Sunday, December 30, 2012

For Shame: Mental Illness, Violence and Discrimination

When some toll the bells for the deaths at Newtown, they ring them 26 times for the poor dead children and their educators. They do not ring the bell for Nancy Lanza, shot four times in the head while she slept. It's true, she violated a basic tenet by keeping guns ... lots of incredibly dangerous guns ... in a lock box in her house while she had a clearly emotionally disturbed son at home. I don't understand that. But I do know that Nancy Lanza didn't get the help she needed to deal with a situation that turned out to be vastly more dangerous than any speculative future she was armed for.

The Christian Science Monitor reported on Dec. 19 that Nancy Lanza may have been trying to get her son into treatment against his will.  The article notes:

Mothers are the highest percentage of people murdered by mentally ill young men, (Professor Liza) Gold (of Georgetown University) said. "The (young men) are usually living at home because they are dysfunctional ... The moms don't bail. These are their children.  They hang in with them, they try to get them help. And they're the ones that get killed."  

Sometimes they are just the first ones.

The NRA ... an organization that seems to exhibit its own mental health problems on a regular basis  ... has responded to Newtown by demanding more guns in schools and a national database of the mentally ill.  NAMI and other organizations ... like anyone with sense, really ... has condemned this.

Law already exists, it points out, to report the names of people "adjudicated as mentally defective" to the National Instant Background Check System.  This has never been implemented correctly because of the terms "adjudicated" and "mentally defective."  No one knows what they mean, but they offend almost everyone.  NAMI is calling once again ... as it did after Virginia Tech ... for Congress to clean up this law by adopting standards for the system that are consistent with modern medical knowledge and clear legal procedures.

The discrimination against people with "mental illness" is overpowering, and the fact that less than one-third of people who have it get treatment is appalling.  What if less than one-third of the people with brain cancer, with epilepsy, with dementia ... got treatment?  All are brain diseases. Period.

People don't get help because of the discrimination. And the discrimination gets worse when someone with a mental illness starts shooting people.  It's a terrible cycle that needs to stop.

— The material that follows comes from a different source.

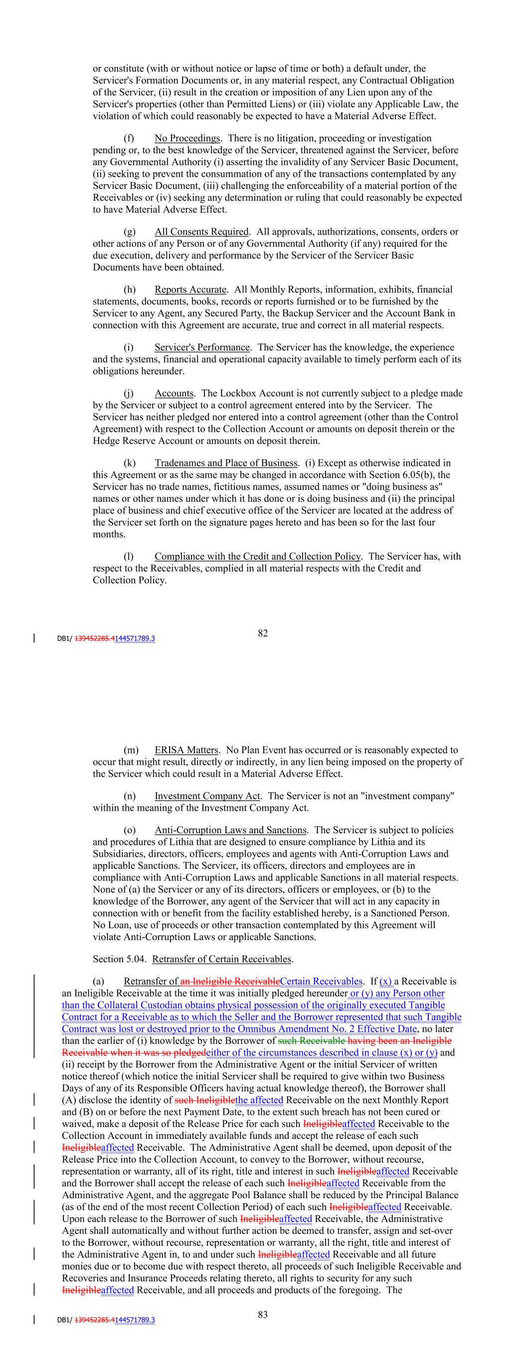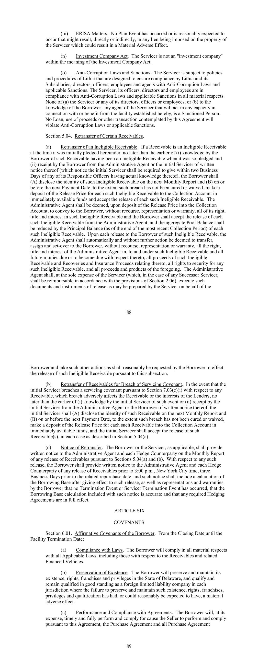 (m) ERISA Matters. No Plan Event has occurred or is reasonably expected to occur that might result, directly or indirectly, in any lien being imposed on the property of the Servicer which could result in a Material Adverse Effect. (n) Investment Company Act. The Servicer is not an "investment company" within the meaning of the Investment Company Act. (o) Anti-Corruption Laws and Sanctions. The Servicer is subject to policies and procedures of Lithia that are designed to ensure compliance by Lithia and its Subsidiaries, directors, officers, employees and agents with Anti-Corruption Laws and applicable Sanctions. The Servicer, its officers, directors and employees are in compliance with Anti-Corruption Laws and applicable Sanctions in all material respects. None of (a) the Servicer or any of its directors, officers or employees, or (b) to the knowledge of the Borrower, any agent of the Servicer that will act in any capacity in connection with or benefit from the facility established hereby, is a Sanctioned Person. No Loan, use of proceeds or other transaction contemplated by this Agreement will violate Anti-Corruption Laws or applicable Sanctions. Section 5.04. Retransfer of Certain Receivables. (a) Retransfer of an Ineligible Receivable. If a Receivable is an Ineligible Receivable at the time it was initially pledged hereunder, no later than the earlier of (i) knowledge by the Borrower of such Receivable having been an Ineligible Receivable when it was so pledged and (ii) receipt by the Borrower from the Administrative Agent or the initial Servicer of written notice thereof (which notice the initial Servicer shall be required to give within two Business Days of any of its Responsible Officers having actual knowledge thereof), the Borrower shall (A) disclose the identity of such Ineligible Receivable on the next Monthly Report and (B) on or before the next Payment Date, to the extent such breach has not been cured or waived, make a deposit of the Release Price for each such Ineligible Receivable to the Collection Account in immediately available funds and accept the release of each such Ineligible Receivable. The Administrative Agent shall be deemed, upon deposit of the Release Price into the Collection Account, to convey to the Borrower, without recourse, representation or warranty, all of its right, title and interest in such Ineligible Receivable and the Borrower shall accept the release of each such Ineligible Receivable from the Administrative Agent, and the aggregate Pool Balance shall be reduced by the Principal Balance (as of the end of the most recent Collection Period) of each such Ineligible Receivable. Upon each release to the Borrower of such Ineligible Receivable, the Administrative Agent shall automatically and without further action be deemed to transfer, assign and set-over to the Borrower, without recourse, representation or warranty, all the right, title and interest of the Administrative Agent in, to and under such Ineligible Receivable and all future monies due or to become due with respect thereto, all proceeds of such Ineligible Receivable and Recoveries and Insurance Proceeds relating thereto, all rights to security for any such Ineligible Receivable, and all proceeds and products of the foregoing. The Administrative Agent shall, at the sole expense of the Servicer (which, in the case of any Successor Servicer, shall be reimbursable in accordance with the provisions of Section 2.06), execute such documents and instruments of release as may be prepared by the Servicer on behalf of the 88 Borrower and take such other actions as shall reasonably be requested by the Borrower to effect the release of such Ineligible Receivable pursuant to this subsection. (b) Retransfer of Receivables for Breach of Servicing Covenant. In the event that the initial Servicer breaches a servicing covenant pursuant to Section 7.03(c)(i) with respect to any Receivable, which breach adversely affects the Receivable or the interests of the Lenders, no later than the earlier of (i) knowledge by the initial Servicer of such event or (ii) receipt by the initial Servicer from the Administrative Agent or the Borrower of written notice thereof, the initial Servicer shall (A) disclose the identity of such Receivable on the next Monthly Report and (B) on or before the next Payment Date, to the extent such breach has not been cured or waived, make a deposit of the Release Price for each such Receivable into the Collection Account in immediately available funds, and the initial Servicer shall accept the release of such Receivable(s), in each case as described in Section 5.04(a). (c) Notice of Retransfer. The Borrower or the Servicer, as applicable, shall provide written notice to the Administrative Agent and each Hedge Counterparty on the Monthly Report of any release of Receivables pursuant to Sections 5.04(a) and (b). With respect to any such release, the Borrower shall provide written notice to the Administrative Agent and each Hedge Counterparty of any release of Receivables prior to 3:00 p.m., New York City time, three Business Days prior to the related repurchase date, and such notice shall include a calculation of the Borrowing Base after giving effect to such release, as well as representations and warranties by the Borrower that no Termination Event or Servicer Termination Event has occurred, that the Borrowing Base calculation included with such notice is accurate and that any required Hedging Agreements are in full effect. ARTICLE SIX COVENANTS Section 6.01. Affirmative Covenants of the Borrower. From the Closing Date until the Facility Termination Date: (a) Compliance with Laws. The Borrower will comply in all material respects with all Applicable Laws, including those with respect to the Receivables and related Financed Vehicles. (b) Preservation of Existence. The Borrower will preserve and maintain its existence, rights, franchises and privileges in the State of Delaware, and qualify and re

The facts are that the vast majority of people with mental illness ... or brain diseases ... are not violent. They are, in fact,  more likely to be the victims of violence ... shot by police, robbed, killed ... than you are.

But the system had to change to make it easier for families to get help when a person is dealing with an emerging psychosis. Often the young person is angry, scared, confused, paranoid. Families need a clear path to get help and support. They need the colleges they are paying to call them and tell them their concerns about their son. They need the schools and workplaces to call when they drop out. They need the therapist to call even when the child is a young adult. They need easy access to psychiatric help and medication ... not eight-month-long waiting lists.  They need to be able to allow the young person stay in a treatment facilities for more than three days when the meds don't start working for weeks.  Families need help, and because of the discrimination, they don't get it.

During the early days of the AIDS crisis, Dr. Don Francis asked a famous question at a meeting with the American Red Cross and other blood bankers who continued to deny that AIDS was a blood-borne illness: How many dead hemophiliacs will it take? "Tell us a number you need.  If we have 20, 40, 100 cases ... will you believe it then?"  I'm beginning to wonder how many of these terrible events will take place before families finally get help.